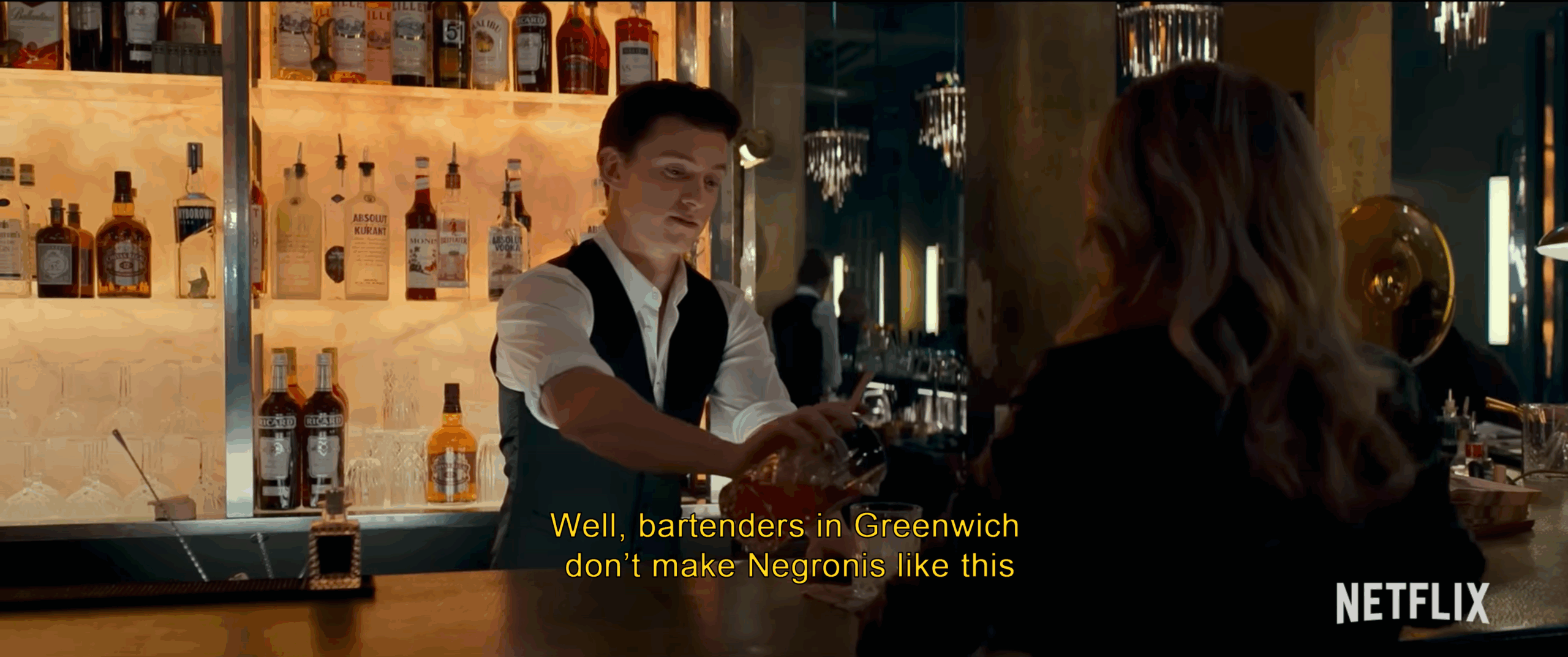 On the other side, Uncharted (2022) actually gets it right. Tom Holland (aka Peter Parker) plays Nathan Drake and makes a Negroni behind the bar. He doesn’t shake it. He doesn’t fumble it. He just gives it the calm, proper stir it deserves — and still looks cool doing it. Proof that bartender swagger doesn’t require a dramatic shaker routine.
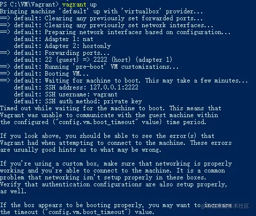 如果启动发现 vagrant up 命令超时,一种可能原因是需要密码登录。
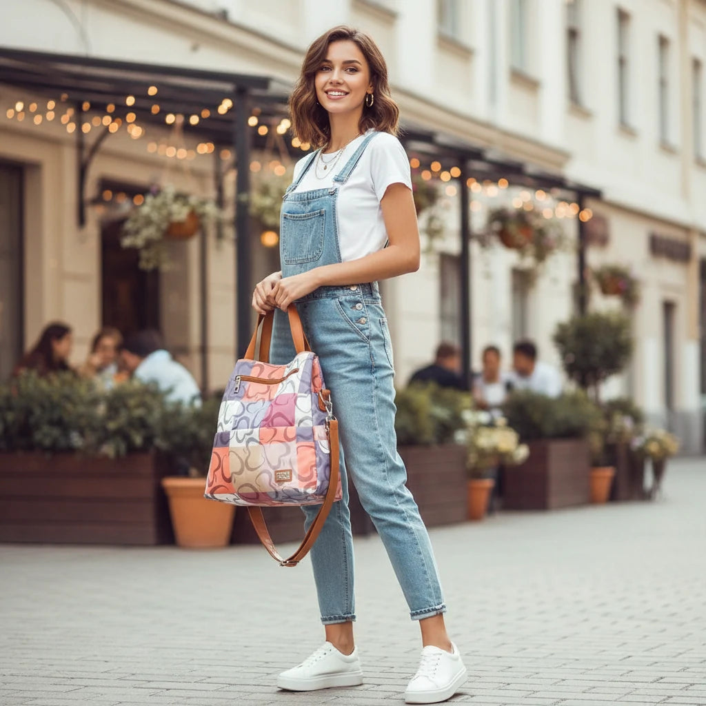 Zaino 2in1 trasformabile donna firmato Baci&Abbracci multitasche fantasia logo impermeabile zip zainetto
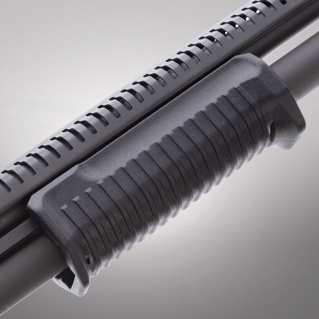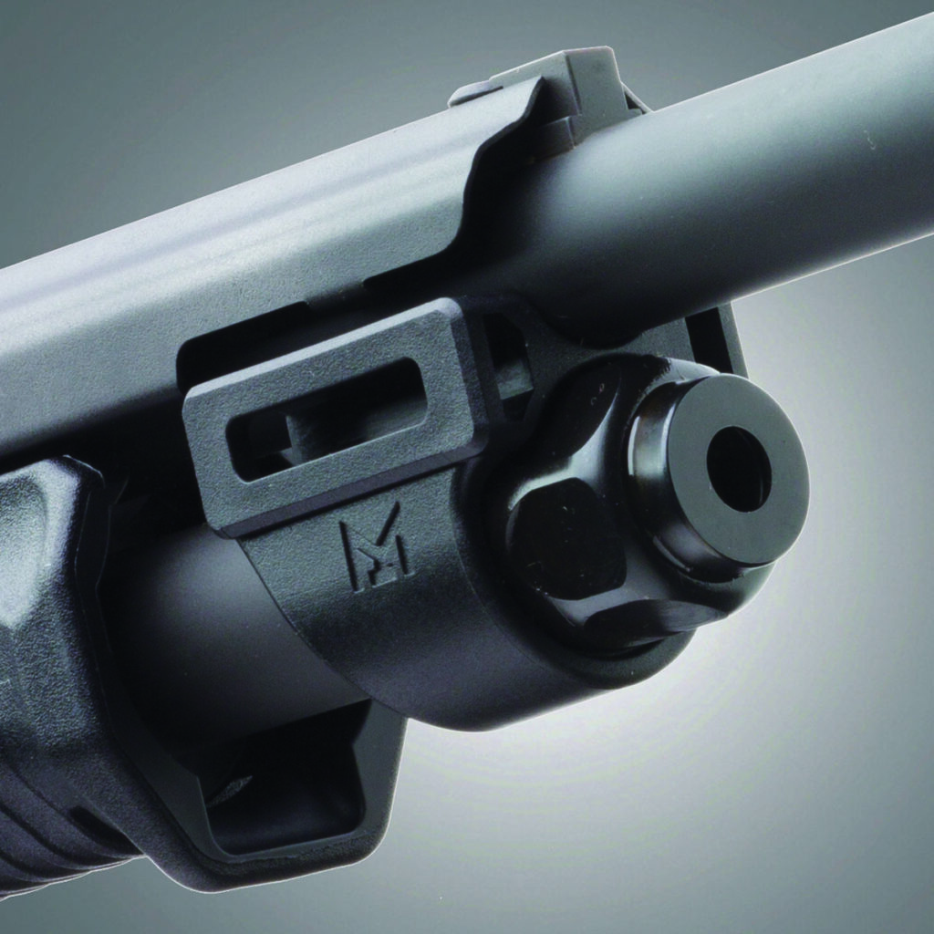 W modelu 590R (magazynek rurowy) wygładzono krawędzie okna ładowania – popularna modyfikacja zarówno wśród strzelb sportowych jak i tych o przeznaczeniuu policyjnym/wojskowym.

### [YOUR TASK]
Type out the data above again exactly as written, minus the images.

### [RESPONSE TO THIS TASK]
 On the other side, Uncharted (2022) actually gets it right. Tom Holland (aka Peter Parker) plays Nathan Drake and makes a Negroni behind the bar. He doesn’t shake it. He doesn’t fumble it. He just gives it the calm, proper stir it deserves — and still looks cool doing it. Proof that bartender swagger doesn’t require a dramatic shaker routine.
 如果启动发现 vagrant up 命令超时,一种可能原因是需要密码登录。
 Zaino 2in1 trasformabile donna firmato Baci&Abbracci multitasche fantasia logo impermeabile zip zainetto
 W modelu 590R (magazynek rurowy) wygładzono krawędzie okna ładowania – popularna modyfikacja zarówno wśród strzelb sportowych jak i tych o przeznaczeniuu policyjnym/wojskowym.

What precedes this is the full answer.